[Records for processing]
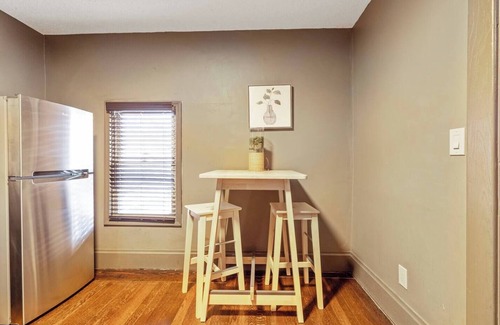 This bright and spacious apartment sits above Fric & Frac, one of Kansas City’s beloved local restaurants, and is part of a charming building with just four other apartments. Perfect for extended stays, the space features huge windows with views of the lively street below, bringing in tons of natural light. You'll find a sunny entryway with seating and a rollaway bed, a spacious living room, and a fully equipped kitchen stocked with everything you need—including cookware, utensils, and more.
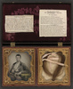 Private James W. McCulloch of Co. E, 7th Georgia Infantry Regiment holding wooden canteen, with lock of hair, obituary, and poem in case
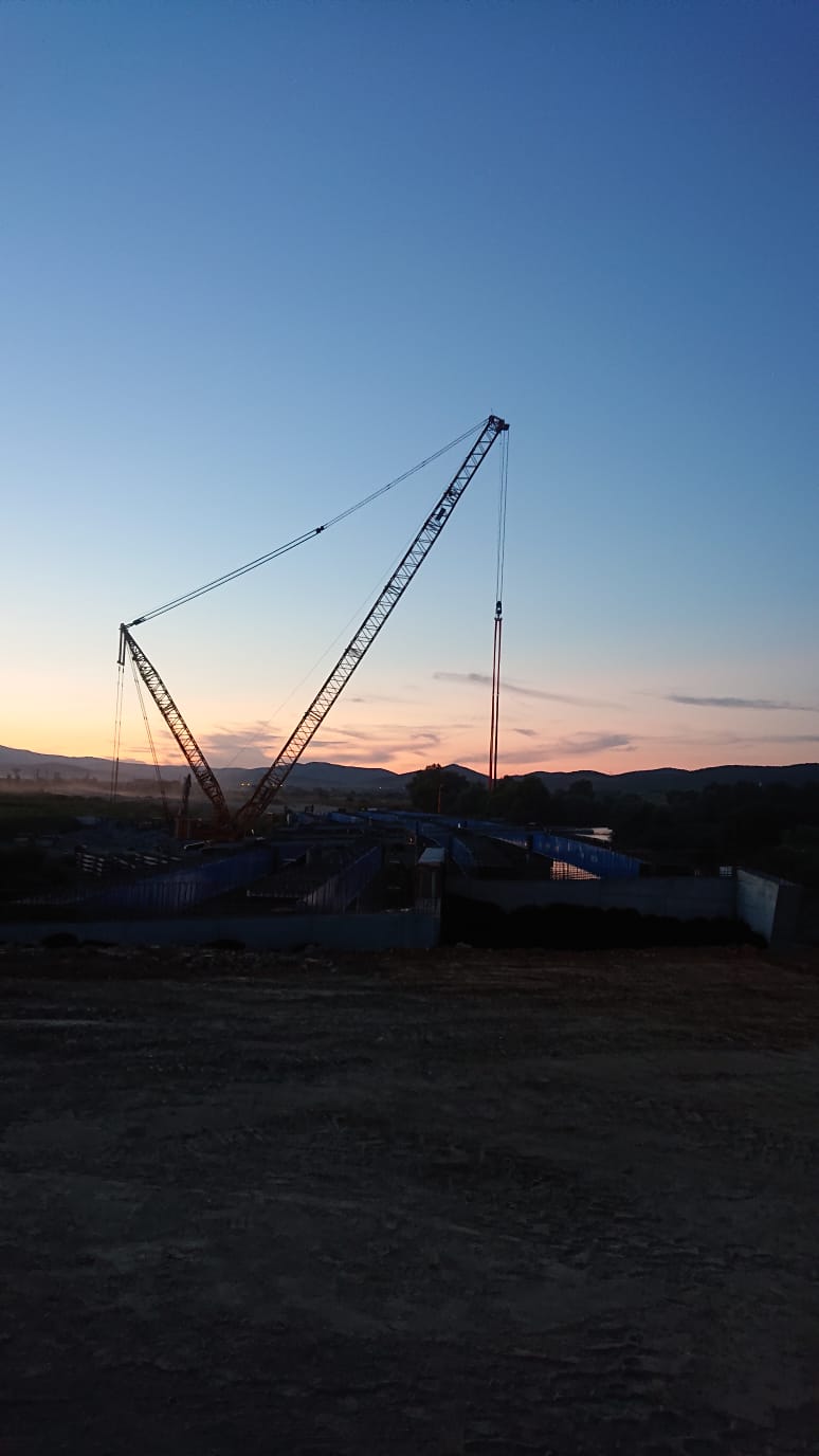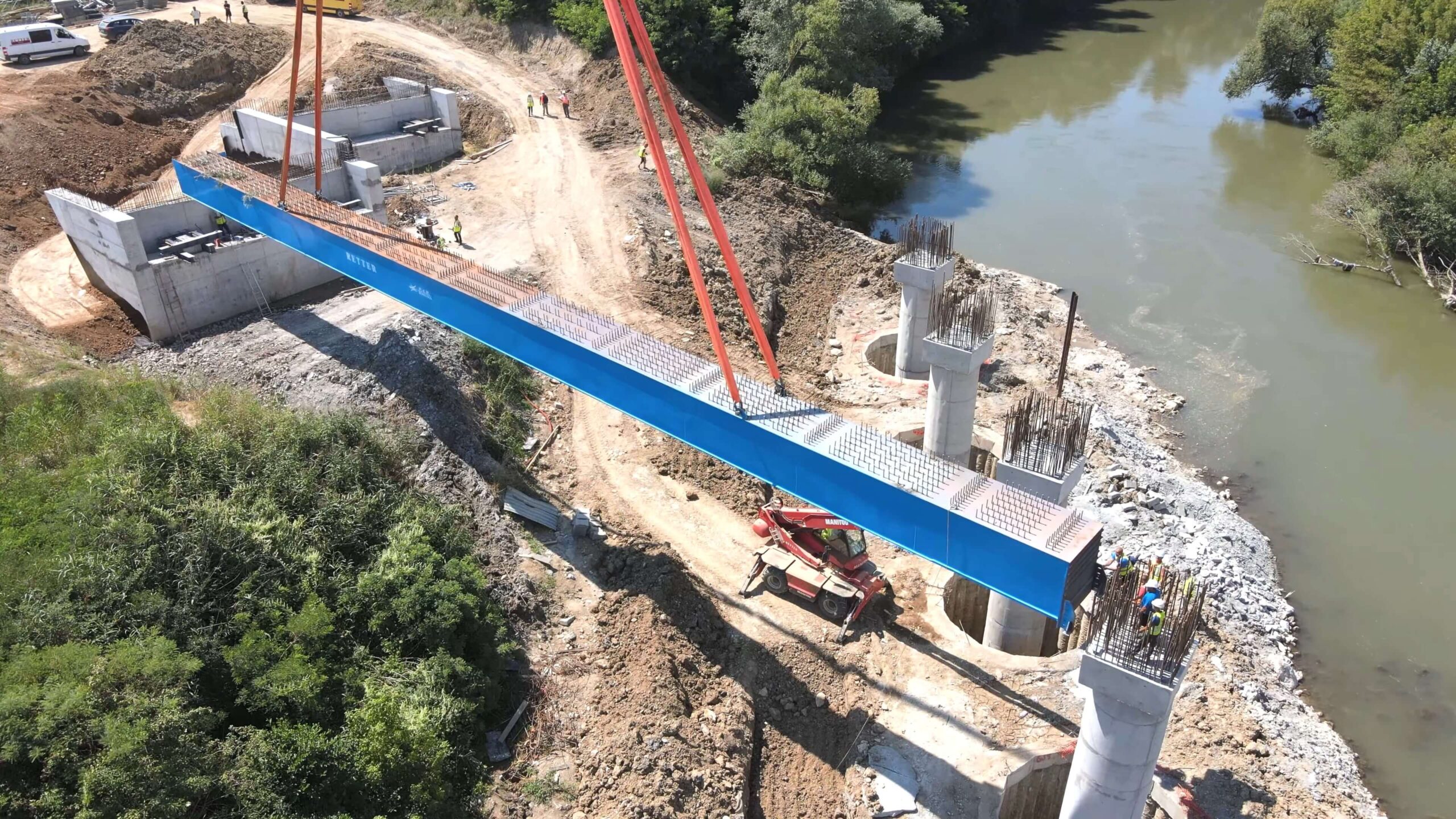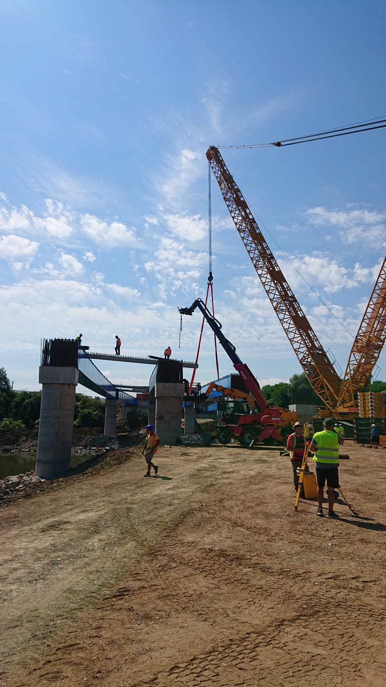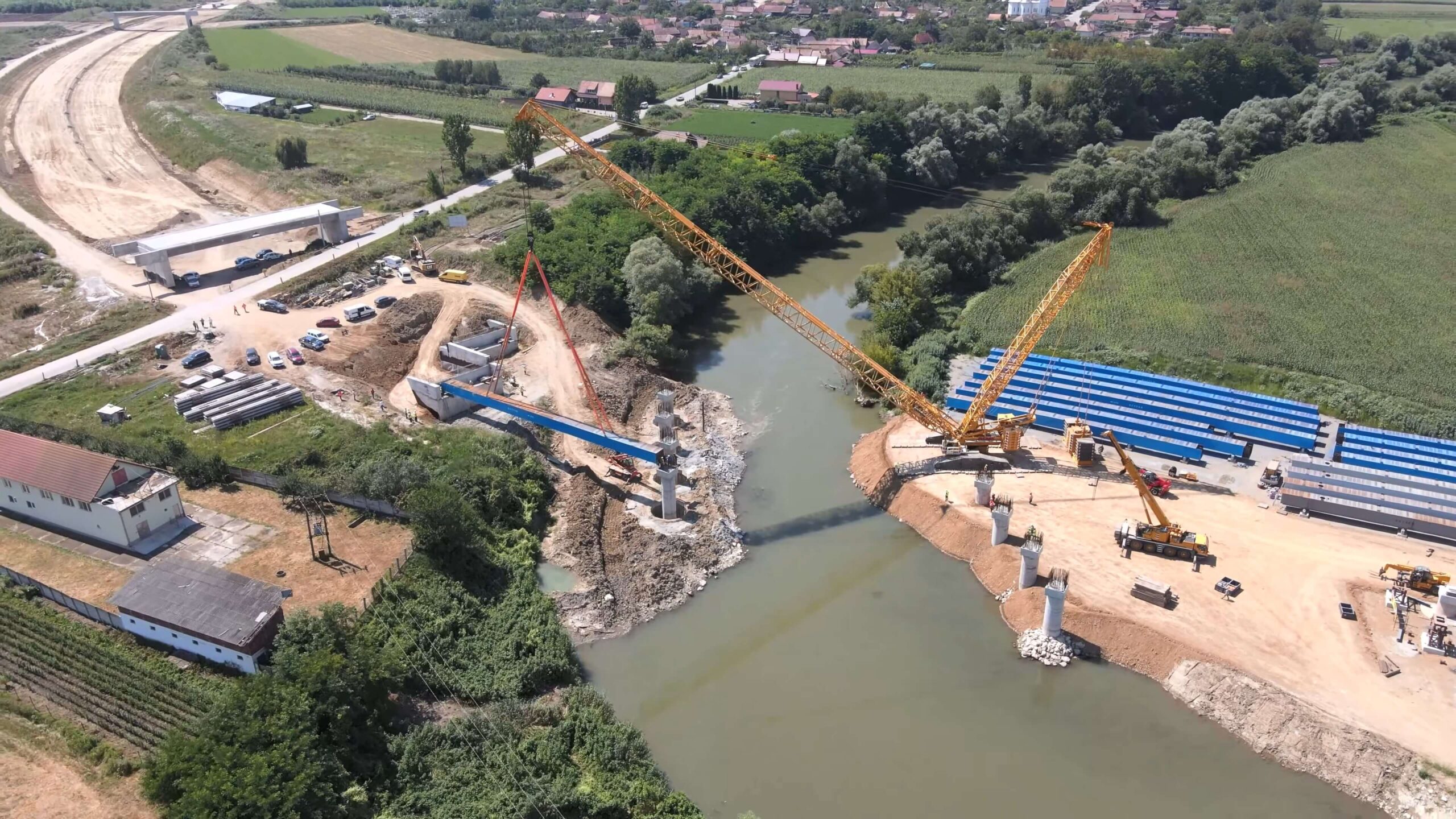 Die Stunde der „Metallmonster“ geht weiter mit dem Anheben der Stahlträger an der Struktur, die den Fluss Mureș von Sâncrai überqueren wird. Eine Besonderheit dieser Brücke ist die Tatsache, dass sie in einer Kurve gebaut ist, sodass die Säulen und Träger speziell dafür entworfen wurden.
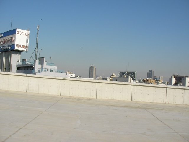 こちらは、将来公園になる予定の屋上部分。外の景色と見比べるとかなり傾斜があるのが分かります。
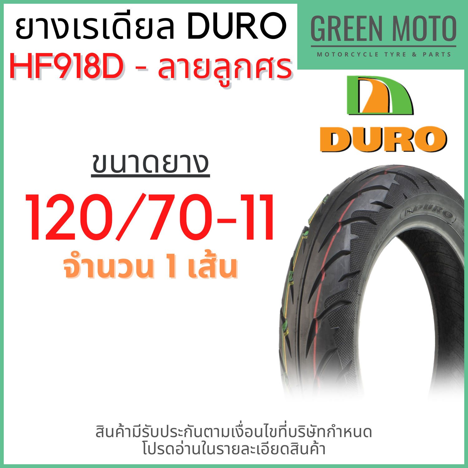 #GREEN-Motorbike #ยางเรเดียลมอเตอร์ไซค์ #DURO #ดูโร่ #HF918-ลายลูกศร #T/L-(Tubeless) #ขอบ-10-12-นิ้ว
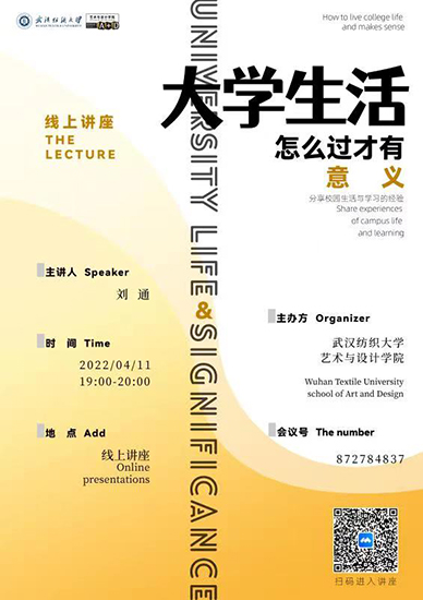 4月11日晚7点,产品设计118001班的班长刘通同学与学院其他同学分享了自己大学生活的体会。他主要从六个方面来谈了自己的感触:
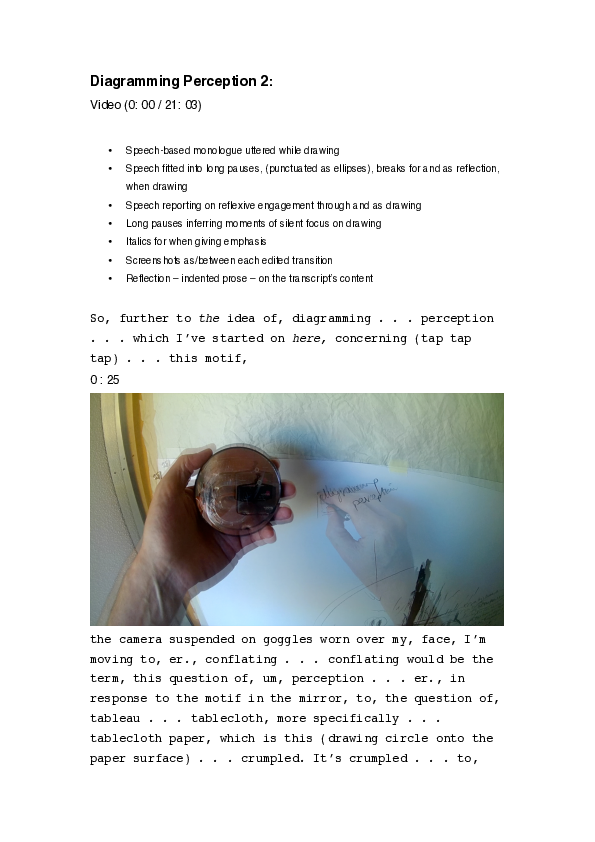 This artistic research is a contribution to a larger research project titled ‘The Observation of Perception, considered through drawing’, hosted by i2ADS. The research begins with the hypothesis that perception can be diagrammed, in this case through and as a form of drawing that indicates how perception is for this investigator conceived and works in action. One of the two visual motifs of the work is also a meta-motif, in that as an action-camera placed over the eyes, it is the means by which the investigator records himself at work on the second main motif, which is his image as viewed in a circular hand-held mirror. The investigator approaches the initiative as a question of diagramming the self-same initiative, accepting whatever are its developed implications as the aesthetic of the work. Peirce's division of the diagram into elements of firstness and secondness, with the elusive recognition of diagram as an abstract entity before any communicative purpose, keys into a working practice that in any case veers towards the diagrammatic. The investigator's tendency to audio-visually record his working process has led him to a position where the logistics of the purpose paradoxically reveal the subjectivity – if not absurdity – of the self-same process. In this case, little by little, a contingent factor of a wart takes centre-stage as blind spot; at-once a torn hole within the drawing's material surface, the action camera as an illusory obstruction, and a factor that oscillates with and as the circular self-portrait. The presentation takes the viewer/reader through the process, largely perceptual, that is diagrammed on and as the artifactual outcome, the drawing.

[Aim of the exercise] Your task is to repeat the entries above exactly, omitting the pictures.

[Solution to the exercise]
 This bright and spacious apartment sits above Fric & Frac, one of Kansas City’s beloved local restaurants, and is part of a charming building with just four other apartments. Perfect for extended stays, the space features huge windows with views of the lively street below, bringing in tons of natural light. You'll find a sunny entryway with seating and a rollaway bed, a spacious living room, and a fully equipped kitchen stocked with everything you need—including cookware, utensils, and more.
 Private James W. McCulloch of Co. E, 7th Georgia Infantry Regiment holding wooden canteen, with lock of hair, obituary, and poem in case
 Die Stunde der „Metallmonster“ geht weiter mit dem Anheben der Stahlträger an der Struktur, die den Fluss Mureș von Sâncrai überqueren wird. Eine Besonderheit dieser Brücke ist die Tatsache, dass sie in einer Kurve gebaut ist, sodass die Säulen und Träger speziell dafür entworfen wurden.
 こちらは、将来公園になる予定の屋上部分。外の景色と見比べるとかなり傾斜があるのが分かります。
 #GREEN-Motorbike #ยางเรเดียลมอเตอร์ไซค์ #DURO #ดูโร่ #HF918-ลายลูกศร #T/L-(Tubeless) #ขอบ-10-12-นิ้ว
 4月11日晚7点,产品设计118001班的班长刘通同学与学院其他同学分享了自己大学生活的体会。他主要从六个方面来谈了自己的感触:
 This artistic research is a contribution to a larger research project titled ‘The Observation of Perception, considered through drawing’, hosted by i2ADS. The research begins with the hypothesis that perception can be diagrammed, in this case through and as a form of drawing that indicates how perception is for this investigator conceived and works in action. One of the two visual motifs of the work is also a meta-motif, in that as an action-camera placed over the eyes, it is the means by which the investigator records himself at work on the second main motif, which is his image as viewed in a circular hand-held mirror. The investigator approaches the initiative as a question of diagramming the self-same initiative, accepting whatever are its developed implications as the aesthetic of the work. Peirce's division of the diagram into elements of firstness and secondness, with the elusive recognition of diagram as an abstract entity before any communicative purpose, keys into a working practice that in any case veers towards the diagrammatic. The investigator's tendency to audio-visually record his working process has led him to a position where the logistics of the purpose paradoxically reveal the subjectivity – if not absurdity – of the self-same process. In this case, little by little, a contingent factor of a wart takes centre-stage as blind spot; at-once a torn hole within the drawing's material surface, the action camera as an illusory obstruction, and a factor that oscillates with and as the circular self-portrait. The presentation takes the viewer/reader through the process, largely perceptual, that is diagrammed on and as the artifactual outcome, the drawing.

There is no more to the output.